Conhecida como ‘Uber de ônibus’, a empresa de fretamento coletivo tem como objetivo baratear viagens
JESSICA SILVA PARA O DIÁRIO DO TRANSPORTE
A Buser, conhecida como “Uber de ônibus”, conseguiu realizar sua primeira viagem nesta sexta-feira, 2 de março, com destino a São Paulo. Outras duas rotas, previstas para Ipatinga e Uberlândia, em Minas Gerais, foram impedidas. A suspensão dos trajetos ocorreu por meio de uma liminar do Sindpas-MG (Sindicato das Empresas de Transporte de Passageiros de Minas Gerais).
Em julho de 2017, a empresa de fretamento coletivo tentou realizar o primeiro trajeto, mas também foi impedida pela 23ª Vara Cível da Comarca de Belo Horizonte, que atendeu um pedido de tutela de urgência do Sindpas-MG para proibir a atividade.
O ônibus com destino a São Paulo partiu do Terminal JK, no centro de Belo Horizonte, às 22h de sexta-feira. Os passageiros reservaram os assentos por meio do aplicativo da empresa, em caráter de fretamento.
As viagens para Minas Gerais, que foram impedidas, estavam previstas para ocorrer às 19h30, também partindo do Terminal JK. Momentos antes do embarque, a Buser entrou em contato com os passageiros por e-mail, para avisar que o trajeto foi cancelado.
A empresa de fretamento havia oferecido as passagens gratuitamente aos passageiros, mas, mesmo assim, pagou as viagens de ida e volta daqueles que tinham interesse em viajar por ônibus da rodoviária. A decisão teve com objetivo não prejudicar aqueles que viajariam com a Buser.
Os passageiros que viajaram para São Paulo também receberam um e-mail da empresa, alertando que a viagem poderia ser impedida. A Buser ofereceu a opção de pagar as despesas para quem estivesse inseguro para seguir viagem, desta maneira, o passageiro teria a opção de embarcar em um ônibus convencional, na rodoviária.
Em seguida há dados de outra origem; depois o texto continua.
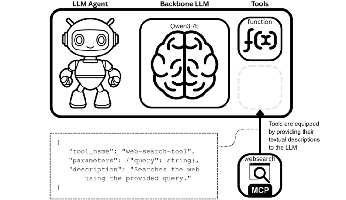 An illustration of the tool-equipping process, where a textual description of the tool that contains the tool’s name, description and its parameters is provided to the LLM agent.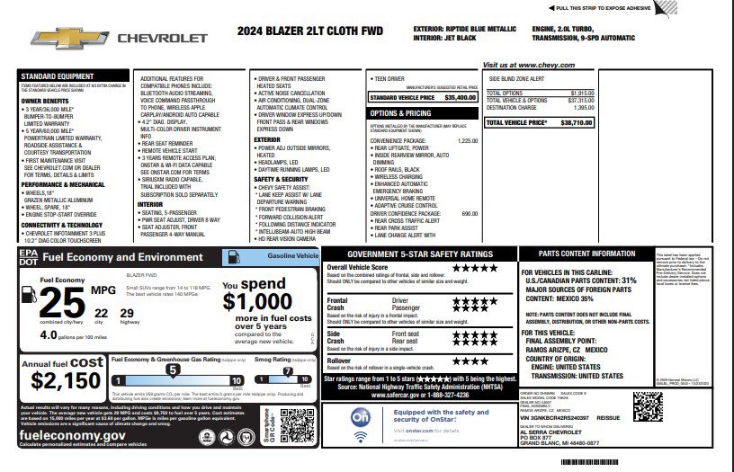 6-Speaker Audio System Feature, 8-Way Power Driver Seat Adjuster, Adaptive Cruise Control, Apple CarPlay/Android Auto, Auto High-beam Headlights, Automatic temperature control, Black Roof-Mounted Side Rails, Brake assist, Convenience Package, Delay-off headlights, Driver Confidence Package, Electronic Stability Control, Enhanced Automatic Emergency Braking, Front dual zone A/C, Fully automatic headlights, Heated door mirrors, Heated Driver & Front Passenger Seats, Inside Rear-View Auto-Dimming Mirror, Lane Change Alert w/Side Blind Zone Alert, Low tire pressure warning, Outside temperature display, Power door mirrors, Power Driver Lumbar Control, Preferred Equipment Group 2LT, Radio: Chevrolet Infotainment 3 Plus System, Rear Cross Traffic Alert, Rear Park Assist w/Audible Warning, Rear Power Programmable Liftgate, Remote keyless entry, Ride & Handling Suspension, SiriusXM w/360L, Speed-sensing steering, Steering wheel mounted audio controls, Telescoping steering wheel, Tilt steering wheel, Universal Home Remote, Variably intermittent wipers, Wheels: 18" Grazen Metallic Aluminum, Wireless Charging. CARFAX One-Owner. Clean CARFAX.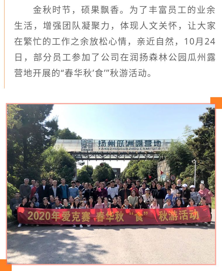 整個(gè)秋游活動(dòng)井然有序、其樂(lè )融融,不僅讓員工欣賞了美麗的風(fēng)景,還拉近了彼此之間的距離,體會(huì )到了團結協(xié)作的重要性,為今后營(yíng)造出健康和諧、積極向上的工作氛圍打下了基礎,同時(shí)展現了員工的活力與風(fēng)采。祝愿愛(ài)克賽人傳承二十年多來(lái)的務(wù)實(shí)與創(chuàng )新,體會(huì )春天播種、秋天收獲的真諦,用智慧與勤勞迎接美好的明天!
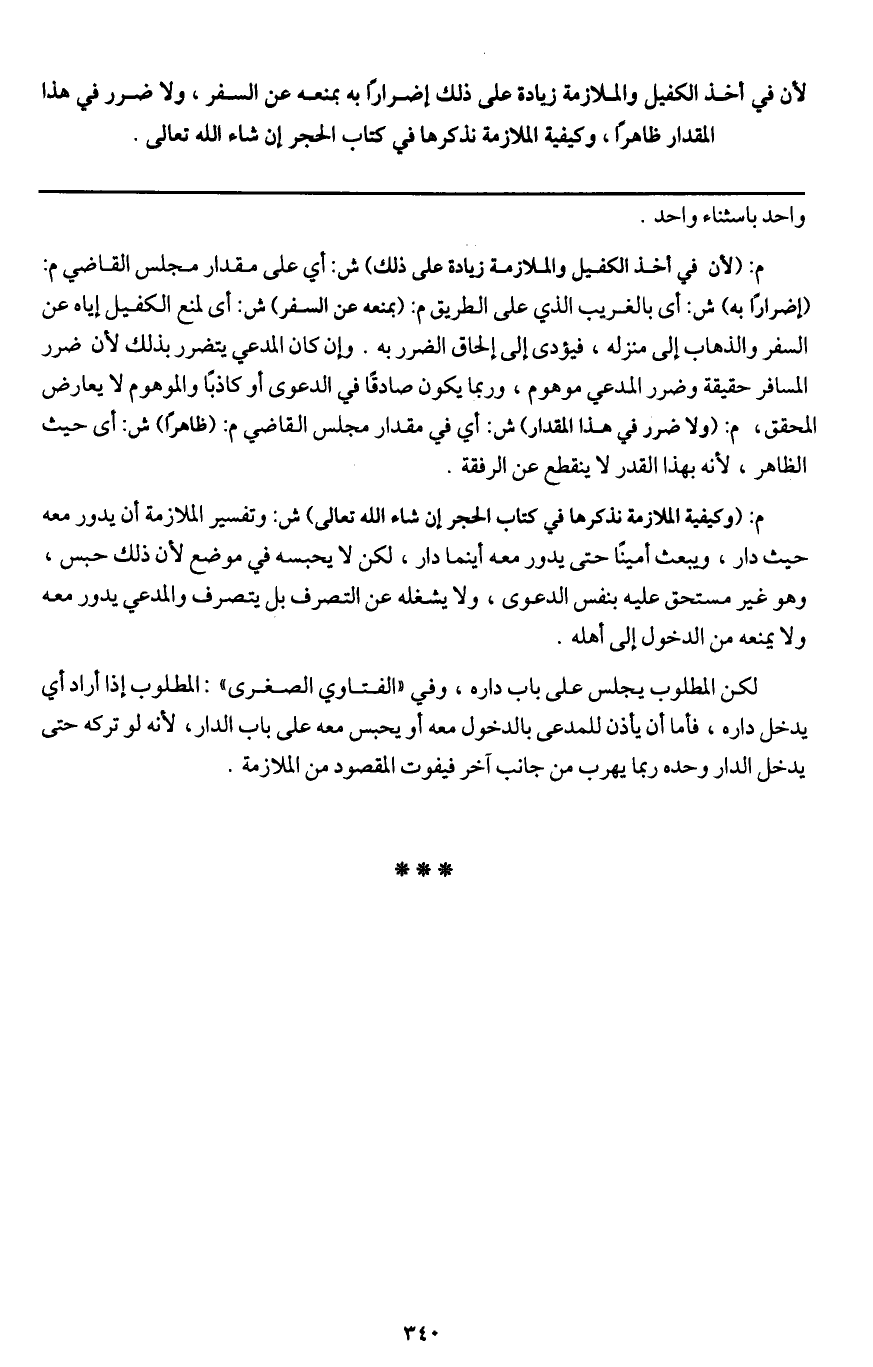 لكن المطلوب يجلس على باب داره، وفي " الفتاوى الصغرى ": المطلوب إذا أراد أن يدخل داره، فإما أن يأذن للمدعي بالدخول معه أو يحبس معه على باب الدار، لأنه لو تركه حتى يدخل الدار وحده ربما يهرب من جانب آخر فيفوت المقصود من الملازمة.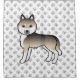 Desteis originelle Cartoon-Illustration einer Einmalfarbe Sibirische Husky Rasse Hund. Der Hintergrund weist ein Muster grauer Hundepfoten auf.
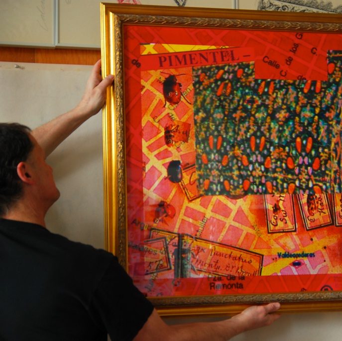 Today at the gallery I rearranged some items in the storage room and cleaned up a bit. After an hour or so of that I was able to handle prints by Salvador Dali and use the 3d mirror glasses that you can see in the photo. I also helped set up for a meeting involving planning out 2013's schedule for the gallery. I was able to participate in the meeting as I am having a show in March and April of 2013 in the Focus gallery.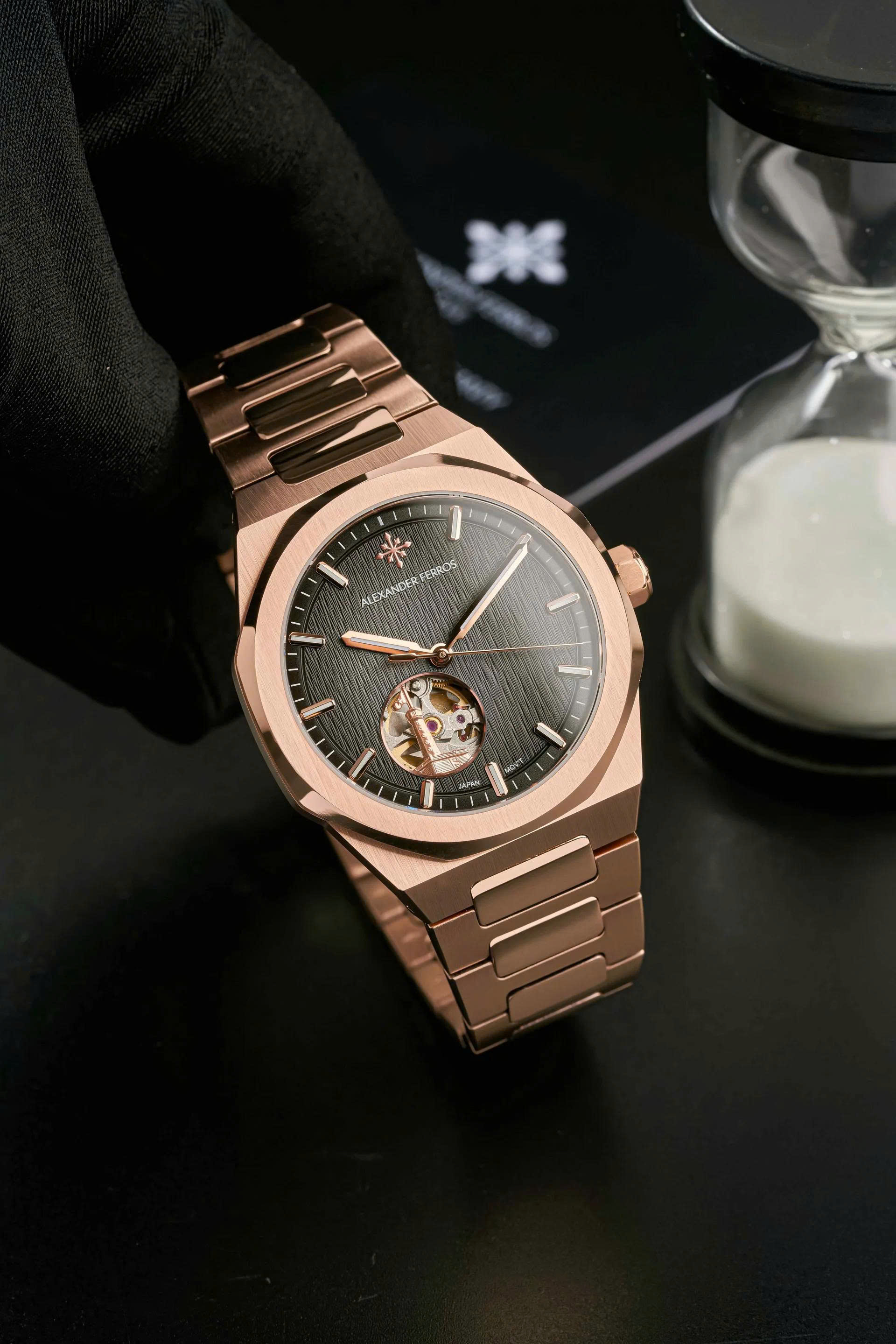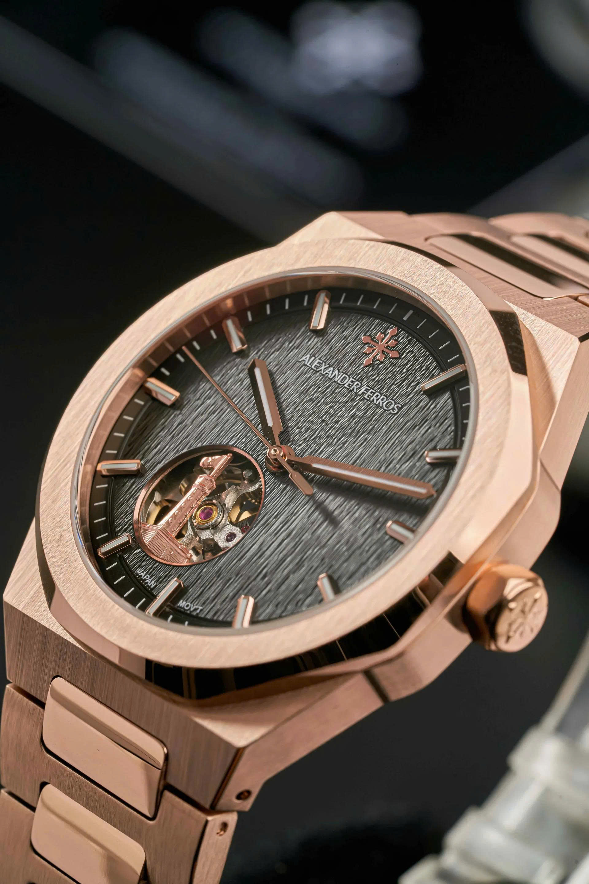 Alexander Ferros 9292 là mẫu đồng hồ nam nổi bật với phong cách thể thao lịch lãm và thiết kế hiện đại. Mặt số với nhiều phiên bản màu được trang trí bằng họa tiết vân gỗ độc đáo, kết hợp cùng bộ kim và cọc số dạng vạch phủ dạ quang, giúp dễ dàng quan sát giờ trong điều kiện thiếu sáng. Điểm đặc biệt của mẫu này là thiết kế Open heart góc 7h kết hợp với hình ảnh Cột cờ Dinh Độc Lập mang bản sắc riêng.

A ANTT (Agência Nacional de Transportes Terrestres), órgão responsável por fiscalizar viagens interestaduais, levou mais de uma hora para fiscalizar o veículo que seguiu viagem. Os motoristas não estavam cadastrados na agência e a empresa teve que substituir os profissionais para conseguir continuar o trajeto.
HISTÓRICO
A liminar que impede as viagens da Buser está em vigor desde 2017. A empresa de fretamento já entrou na Justiça para tentar derrubá-la. Um advogado foi contratado para garantir que tudo funcionasse de acordo com a legislação, conforme informações da empresa.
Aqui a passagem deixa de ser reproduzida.